In the open field test, calves entered the same test pen that they were previously held in as a group for the habituation period, except that the buckets were no longer present and the calf now experienced the test arena in isolation rather than in a group (thus, we refer to this test as an open field rather than a true novel environment test39); calves remained in the arena for 30 min to ensure familiarity of the pen for subsequent tests. In the novel human test, an unfamiliar female dressed in clean dark blue coveralls stood immobile at the centre of the pen. The person avoided eye contact with the calf by looking towards the feet of the calf and kept arms and hands inside the coverall pockets. In the novel object test, a black 140-L bucket was placed in the center of the pen. The durations of the novel human and object tests (10 and 15 min, respectively) were selected to balance logistical constraints with minimizing ceiling effects related to the calf’s latency to approach the human or object. The food neophobia test was performed following Costa et al.23. The test pen contained two white 20-L plastic buckets placed in each corner of the wall opposite to where the calf entered the pen. The bucket set up was identical to that in the pre-exposure period described above, except that one bucket contained 5 kg of a novel food (total mixed ration containing 49% DM, 26% corn silage, 15% grass silage, 10% alfalfa hay and 49% concentrated mix; chemical composition: 18.0% CP, 33.2% NDF, and 20.4% ADF) and the other bucket remained empty. The location of the food bucket (left or right) was randomized for each calf. The duration of the food neophobia test (30 min) followed a previous study in calves23 to ensure ample time for the calf to decide to approach and eat the novel food.

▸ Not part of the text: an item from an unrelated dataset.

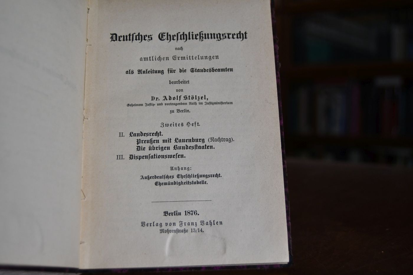 Beschreibung Einband berieben und bestoßen. Bibliotheksexemplar (Koen. Preuss. Amtsgericht Haigerloch) mit den üblichen Stempeln, Eintragungen und Aufklebern. "Adolf Stölzel (* 28. Juni 1831 in Gotha; † 19. April 1919 in Berlin) war ein deutscher Rechts- und Geschichtswissenschaftler. Als Kronsyndikus saß er im Preußischen Herrenhaus. Adolf Friedrich Stölzel war der Sohn des Ernst Georg Stölzel (1795–1837) und der Ulrike Dorothee Schmidt (1798–1881). Sein Großvater war Ernst Heinrich Stölzel (1755–1797), Sekretär des Oberhofmarschallamtes zu Gotha. Nach dem Abitur am Gymnasium in Kassel begann Stölzel Rechtswissenschaft an der Philipps-Universität Marburg zu studieren. 1850 wurde er mit Franz Rang im Corps Teutonia Marburg aktiv.[2] Als Inaktiver wechselte er an die Ruprecht-Karls-Universität Heidelberg. Sein staatlicher Vorbereitungsdienst dauerte mit mehr als sieben Jahren verhältnismäßig lang. Stölzel war während seines gesamten Referendariats nebenher bei Anwälten tätig. 1860 begann er seine Laufbahn im Staatsdienst als Stadtgerichtsassessor in Kassel und zwei Jahre später wurde er Assessor am kurhessischen Obergericht. 1867 übernahm Stölzel im Kreisgericht von Kassel sein erstes Richteramt. Innerhalb weniger Jahre erfolgten zahlreiche Beförderungen: Kreisgerichtsrat in Kassel (1869), Kammergerichtsrat in Berlin (1872) und schließlich die Ernennung zum Geheimen Justizrat (1875). Nach seiner Promotion zum Marburger Doctor juris honoris causa 1872 wurde er 1876 zum Mitglied der preußischen Justiz-Prüfungskommission berufen, die in Berlin für die große juristische Staatsprüfung in Preußen zuständig war.[3] Nach seiner Beförderung zum Geheimen Oberjustizrat folgte 1886 die Ernennung zum Präsidenten der Justiz-Prüfungskommission. Seit 1887 war er zudem Honorarprofessor für Zivilrecht und Rechtsgeschichte an der Friedrich-Wilhelms-Universität. 1891 wurde er wegen seiner besonderen Verdienste zum Kronsyndikus und damit auf Lebenszeit Mitglied des preußischen Herrenhauses. Bis zu seinem Tode war Stölzel literarisch tätig. Im Alter von 80 Jahren schrieb er seine Lebenserinnerungen; diese sind jedoch unveröffentlicht geblieben. Das Manuskript nebst umfangreichem dokumentarischem Material befindet sich in einem Archiv in Hessen. Am 19. November 1860 hatte Stölzel in erster Ehe die Anna Engelhard (1839–1873) geheiratet, eine Tochter des späteren Kasseler Obergerichtsdirektors Wilhelm Gotthelf Engelhard (1785–1848) und der Louise Waitz (1801–1848). Anna Engelhard war eine Enkelin der Magdalena Philippine Gatterer, einer bekannten Dichterin. Aus dieser Ehe stammten drei Kinder. Die zweite Ehe Stölzels` mit Henriette Weinrich (1835–1915) blieb kinderlos. Die von Stölzel verfassten juristischen Lehrbücher waren vor allem für die praktische Ausbildung der Referendare bahnbrechend. Sein 1894 erschienenes Buch Schulung für die zivilistische Praxis hat bestimmte konkrete Aktenfälle aus der Praxis erschöpfend dargestellt. Stölzel hat klar erkannt, dass man an praktischen Fällen mehr lernt als an aller Theorie. Seit dem Wintersemester 1893/94 hielt Stölzel eine zweistündige Vorlesung zur „Schulung für die civilistische Praxis“. Er hatte es sich zur Aufgabe gemacht, „wichtigste Grundsätze des Zivilprozesses“ zu behandeln. „Die Berliner Referendare waren vom Kammergerichtspräsidenten auf die Vorlesung hingewiesen worden. Mehr als 600 Zuhörer füllten das Auditorium maximum der Berliner Universität.“ Stölzels allgemein bekannte Vorlesungen zur „Schulung für die civilistische Praxis“ wurden als „epochemachend“ angesehen, weil sie in dieser Form zuvor nirgends gehalten wurden. „Wenn heute an allen Universitäten und an den meisten größeren Gerichten praktische Übungen veranstaltet werden, aus denen die jungen Juristen für die praktische Rechtsanwendung den reichsten und dauernsten Nutzen ziehen, so ist dieser Erfolg zum großen Teile auf das Beispiel und die Anregung Stölzels zurückzuführen.“ (Wikipedia)

Behaviours during each test were observed using continuous video recording with two cameras (WV-CW504SP, Panasonic, Osaka, Japan) positioned 7 m above the test pen. A single observer, blind to the experimental objective, scored behaviours from video of each calf in each test using a detailed ethogram (supplementary material, Table S1; intra-observer reliability: κW > 0.85).
Statistical analyses
All analyses were performed with SAS (version 9.3; SAS Inst. Inc., Cary, NC) using the calf as the experimental unit. All variables were summarized by calf for each test and were expressed as a percentage of test time. Data were scrutinized using the UNIVARIATE procedure and probability distribution plots in SAS.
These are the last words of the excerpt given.